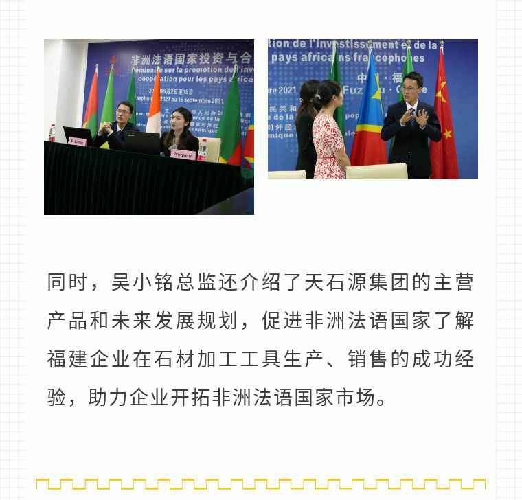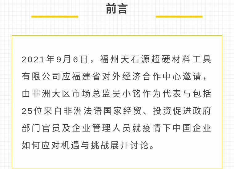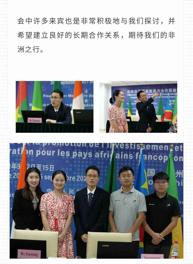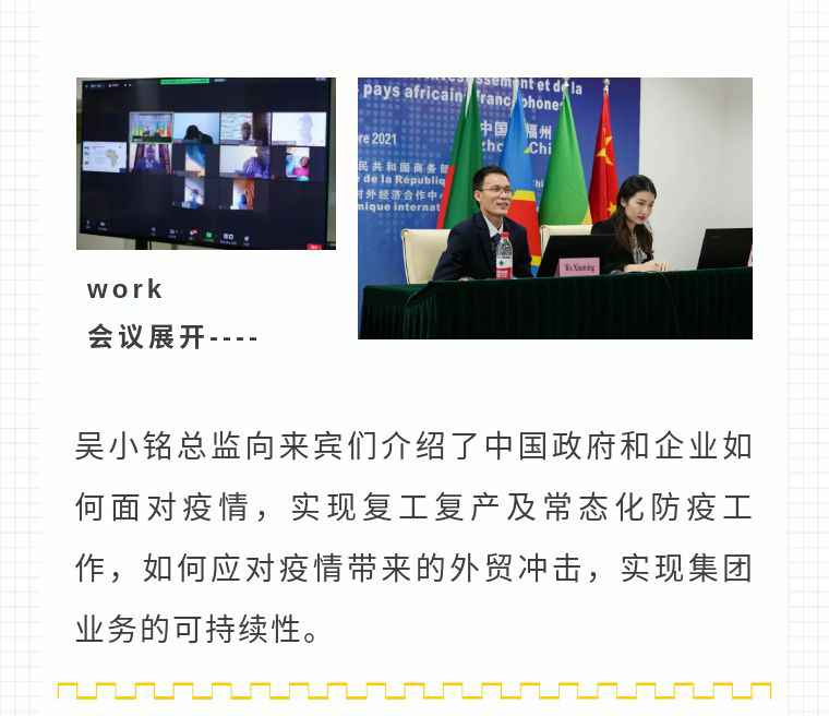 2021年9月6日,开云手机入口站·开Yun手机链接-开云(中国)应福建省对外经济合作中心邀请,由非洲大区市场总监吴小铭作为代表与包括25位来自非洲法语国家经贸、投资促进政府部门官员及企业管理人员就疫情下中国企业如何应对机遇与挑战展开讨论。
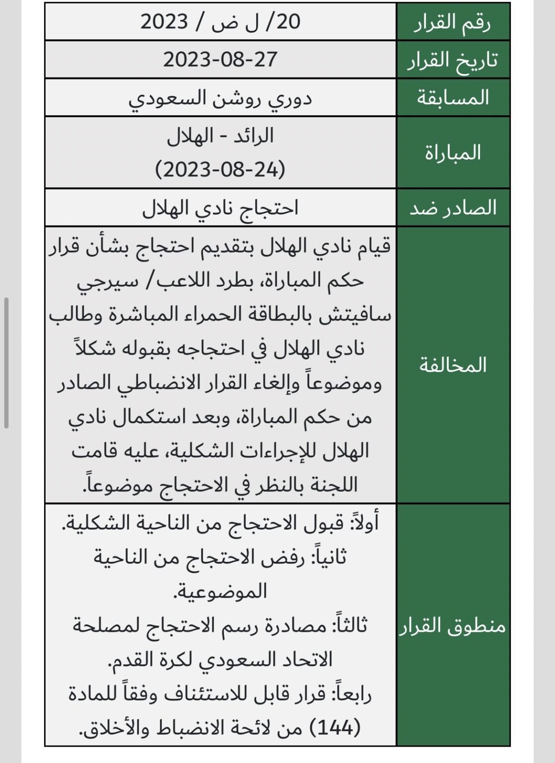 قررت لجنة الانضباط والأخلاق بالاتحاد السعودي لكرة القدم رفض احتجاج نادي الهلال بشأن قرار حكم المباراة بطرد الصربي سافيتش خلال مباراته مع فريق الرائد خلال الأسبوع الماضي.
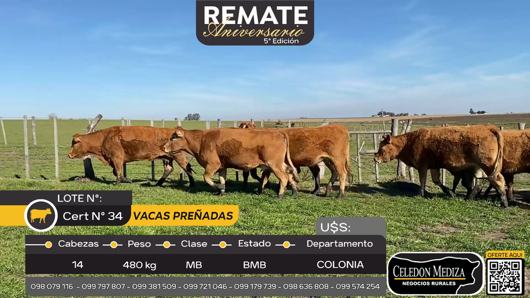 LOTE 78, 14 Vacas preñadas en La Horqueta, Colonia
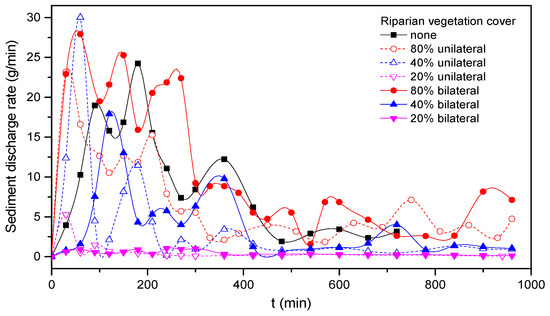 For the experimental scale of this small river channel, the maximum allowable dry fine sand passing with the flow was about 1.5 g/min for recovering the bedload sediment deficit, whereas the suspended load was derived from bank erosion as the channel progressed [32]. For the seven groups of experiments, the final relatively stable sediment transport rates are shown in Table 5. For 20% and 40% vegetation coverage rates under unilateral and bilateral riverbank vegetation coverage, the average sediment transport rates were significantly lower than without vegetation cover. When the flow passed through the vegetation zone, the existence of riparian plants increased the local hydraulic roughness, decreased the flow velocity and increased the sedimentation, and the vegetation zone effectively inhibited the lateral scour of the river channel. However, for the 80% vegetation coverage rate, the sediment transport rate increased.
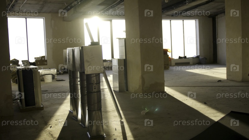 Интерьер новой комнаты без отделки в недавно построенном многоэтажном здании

- - -

● **WORK REQUIRED**:
Above is a listing with pictures. Write it out exactly without them.

● **RESULT FOR THIS TASK**:
 2021年9月6日,开云手机入口站·开Yun手机链接-开云(中国)应福建省对外经济合作中心邀请,由非洲大区市场总监吴小铭作为代表与包括25位来自非洲法语国家经贸、投资促进政府部门官员及企业管理人员就疫情下中国企业如何应对机遇与挑战展开讨论。
 قررت لجنة الانضباط والأخلاق بالاتحاد السعودي لكرة القدم رفض احتجاج نادي الهلال بشأن قرار حكم المباراة بطرد الصربي سافيتش خلال مباراته مع فريق الرائد خلال الأسبوع الماضي.
 LOTE 78, 14 Vacas preñadas en La Horqueta, Colonia
 For the experimental scale of this small river channel, the maximum allowable dry fine sand passing with the flow was about 1.5 g/min for recovering the bedload sediment deficit, whereas the suspended load was derived from bank erosion as the channel progressed [32]. For the seven groups of experiments, the final relatively stable sediment transport rates are shown in Table 5. For 20% and 40% vegetation coverage rates under unilateral and bilateral riverbank vegetation coverage, the average sediment transport rates were significantly lower than without vegetation cover. When the flow passed through the vegetation zone, the existence of riparian plants increased the local hydraulic roughness, decreased the flow velocity and increased the sedimentation, and the vegetation zone effectively inhibited the lateral scour of the river channel. However, for the 80% vegetation coverage rate, the sediment transport rate increased.
 Интерьер новой комнаты без отделки в недавно построенном многоэтажном здании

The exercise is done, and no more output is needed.